Contact angle of samples was measured in KRUSS DSA100 instrument. From the contact angle values, wettability was determined (Erincik et al. 2018). Contact angle is an important criterion for alkali flooding. For chemical EOR process, the reservoir rock should be water wet; otherwise it should be altered from oil wet to water wet by alkali flooding (Fan et al. 2018; Vik et al. 2018). Wettability depends on contact angle. The wettability obtained from DSA 100 was validated with the relative permeability graph obtained from JBN method. In relative permeability curve if the crossover point between non-wetting phase and wetting phase is 50% of water saturation (Sw), then the rock is said to be water wet; otherwise it is oil wet (Fan et al. 2018; Berg 2009). Alkali has a strong role over the alteration of wettability. It changes the wettability from oil wet to water wet which is desirable for ASP flooding (Hunter 1981, Shukla and Rehage 2008). Experiments were done to find out the contact angle of different crude oil samples saturate with brine, surfactant and surfactant with alkali.

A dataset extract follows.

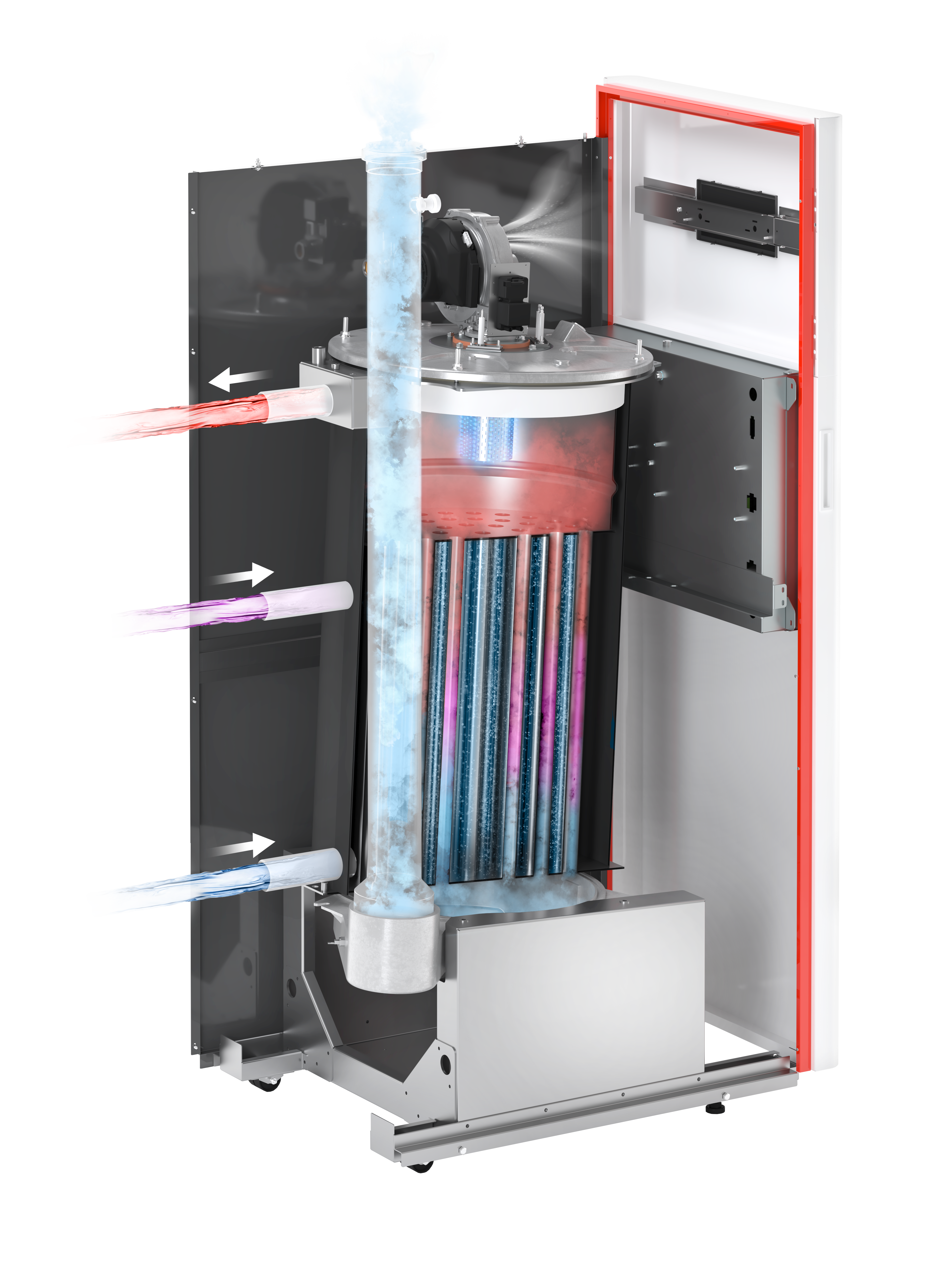 El intercambiador está fabricado en acero inoxidable de alta calidad, garantizando durabilidad e inalterabilidad en el tiempo. El exclusivo intercambiador de acero inoxidable, combinado con la tecnología de condensación, permite recuperar una parte considerable de la energía utilizada.

The core plug was polished to get a smooth surface and saturated in 3000 ppm brine solution under vacuum for at least 3 h. The core plug was then inserted in a beaker containing crude oil and centrifuged it for 30 min. To remove the surface oil, it was inserted in a beaker containing toluene. The core plug was placed in the core holder and one drop of crude oil was injected by the needle from the bottom; the photograph was taken by the camera fitted with the instrument. The angle between the tangent drawn on the oil drop and the rock surface was the contact angle. Same experiment was repeated by saturating the core plug in surfactant (SDS) and surfactant + alkali (SDS + Na2CO3) at 80 °C.

Adsorption tests

The absorbance value was obtained from the spectrophotometer (Cal et al. 1994). From the absorbance value, the concentration was determined from the calibration curve. The amount adsorbed was calculated by following equation
$$Q_{e} = \left( {C_{0} - C_{e} } \right)\frac{V}{m}$$
where \(Q_{e}\) = amount adsorbed in µg/g, Co = concentration before adsorption (µg/mL), Ce = concentration after adsorption from calibration curve (µg/mL), V = solution volume (mL), m = mass of adsorbent (g).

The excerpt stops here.